• [About this task]:
When you reach the line containing "App para captura" in the data below, begin returning lines exactly as written, and stop once the line containing "Globo Paestum Консоль" has been returned.

• [Information]:
==================================================

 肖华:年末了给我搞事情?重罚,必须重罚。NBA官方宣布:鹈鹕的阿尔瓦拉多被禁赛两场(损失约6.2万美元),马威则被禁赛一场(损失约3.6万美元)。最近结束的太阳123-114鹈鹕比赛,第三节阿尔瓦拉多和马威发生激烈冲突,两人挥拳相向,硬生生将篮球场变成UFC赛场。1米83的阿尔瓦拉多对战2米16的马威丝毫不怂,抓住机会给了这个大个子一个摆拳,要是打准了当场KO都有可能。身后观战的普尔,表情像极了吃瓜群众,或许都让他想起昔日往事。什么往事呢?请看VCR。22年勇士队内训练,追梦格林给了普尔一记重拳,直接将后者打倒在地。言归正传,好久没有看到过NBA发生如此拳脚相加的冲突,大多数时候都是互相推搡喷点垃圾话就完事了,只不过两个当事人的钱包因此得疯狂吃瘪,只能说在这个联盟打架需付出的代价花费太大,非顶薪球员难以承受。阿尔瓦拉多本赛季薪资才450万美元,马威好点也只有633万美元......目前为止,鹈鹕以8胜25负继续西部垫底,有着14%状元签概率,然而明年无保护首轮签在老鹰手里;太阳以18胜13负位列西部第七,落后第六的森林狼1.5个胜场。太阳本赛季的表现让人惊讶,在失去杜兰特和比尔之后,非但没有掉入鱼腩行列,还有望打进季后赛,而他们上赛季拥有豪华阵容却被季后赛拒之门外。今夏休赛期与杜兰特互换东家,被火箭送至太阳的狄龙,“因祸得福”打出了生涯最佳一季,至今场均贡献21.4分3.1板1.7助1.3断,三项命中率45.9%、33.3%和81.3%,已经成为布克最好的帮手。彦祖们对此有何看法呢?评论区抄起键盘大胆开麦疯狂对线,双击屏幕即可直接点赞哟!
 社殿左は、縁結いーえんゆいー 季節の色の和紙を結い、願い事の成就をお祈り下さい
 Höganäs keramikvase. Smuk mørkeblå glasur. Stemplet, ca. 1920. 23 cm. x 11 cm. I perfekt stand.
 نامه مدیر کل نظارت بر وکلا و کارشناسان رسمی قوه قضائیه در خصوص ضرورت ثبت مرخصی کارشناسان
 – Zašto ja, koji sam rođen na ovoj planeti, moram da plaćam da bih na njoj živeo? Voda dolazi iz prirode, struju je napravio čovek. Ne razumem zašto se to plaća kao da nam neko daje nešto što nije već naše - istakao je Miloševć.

==================================================

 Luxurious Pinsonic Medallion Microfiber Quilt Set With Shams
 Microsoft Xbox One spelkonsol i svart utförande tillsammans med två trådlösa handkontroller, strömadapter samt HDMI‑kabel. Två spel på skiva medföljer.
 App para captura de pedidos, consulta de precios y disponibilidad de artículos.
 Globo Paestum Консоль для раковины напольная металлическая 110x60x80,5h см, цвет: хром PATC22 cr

==================================================

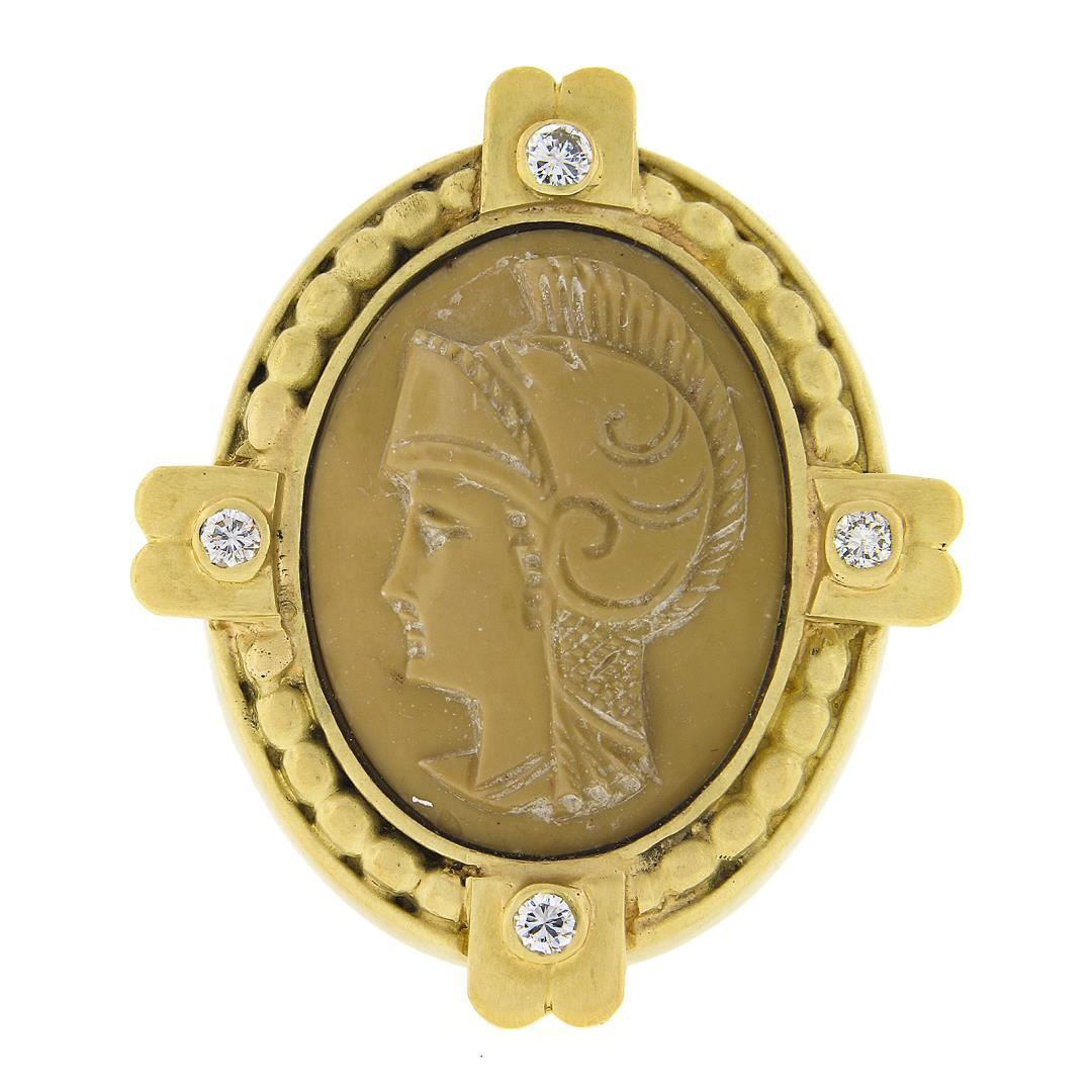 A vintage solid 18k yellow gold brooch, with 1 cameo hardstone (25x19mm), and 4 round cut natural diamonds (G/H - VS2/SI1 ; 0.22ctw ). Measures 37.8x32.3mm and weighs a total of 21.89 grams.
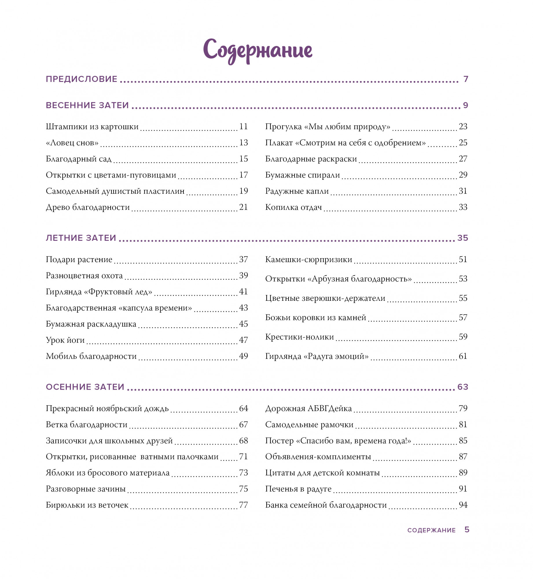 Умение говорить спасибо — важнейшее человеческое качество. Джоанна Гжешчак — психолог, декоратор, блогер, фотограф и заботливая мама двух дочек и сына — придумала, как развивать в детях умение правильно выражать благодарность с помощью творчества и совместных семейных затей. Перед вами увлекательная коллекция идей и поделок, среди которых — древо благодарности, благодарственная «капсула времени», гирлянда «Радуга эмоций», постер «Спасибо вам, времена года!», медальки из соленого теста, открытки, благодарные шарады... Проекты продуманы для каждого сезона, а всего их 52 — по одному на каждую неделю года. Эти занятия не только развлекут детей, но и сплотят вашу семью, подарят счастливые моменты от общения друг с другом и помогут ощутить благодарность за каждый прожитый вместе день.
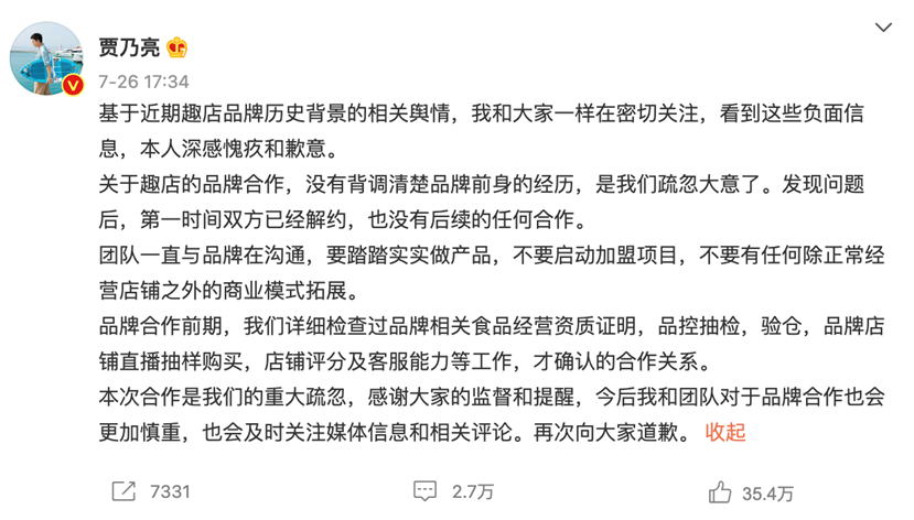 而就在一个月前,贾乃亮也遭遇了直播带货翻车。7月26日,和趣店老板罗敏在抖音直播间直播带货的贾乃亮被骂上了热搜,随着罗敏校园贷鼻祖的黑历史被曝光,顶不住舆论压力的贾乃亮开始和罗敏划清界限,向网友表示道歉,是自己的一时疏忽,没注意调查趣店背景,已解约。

==================================================

• [Solution for this problem]:
 App para captura de pedidos, consulta de precios y disponibilidad de artículos.
 Globo Paestum Консоль для раковины напольная металлическая 110x60x80,5h см, цвет: хром PATC22 cr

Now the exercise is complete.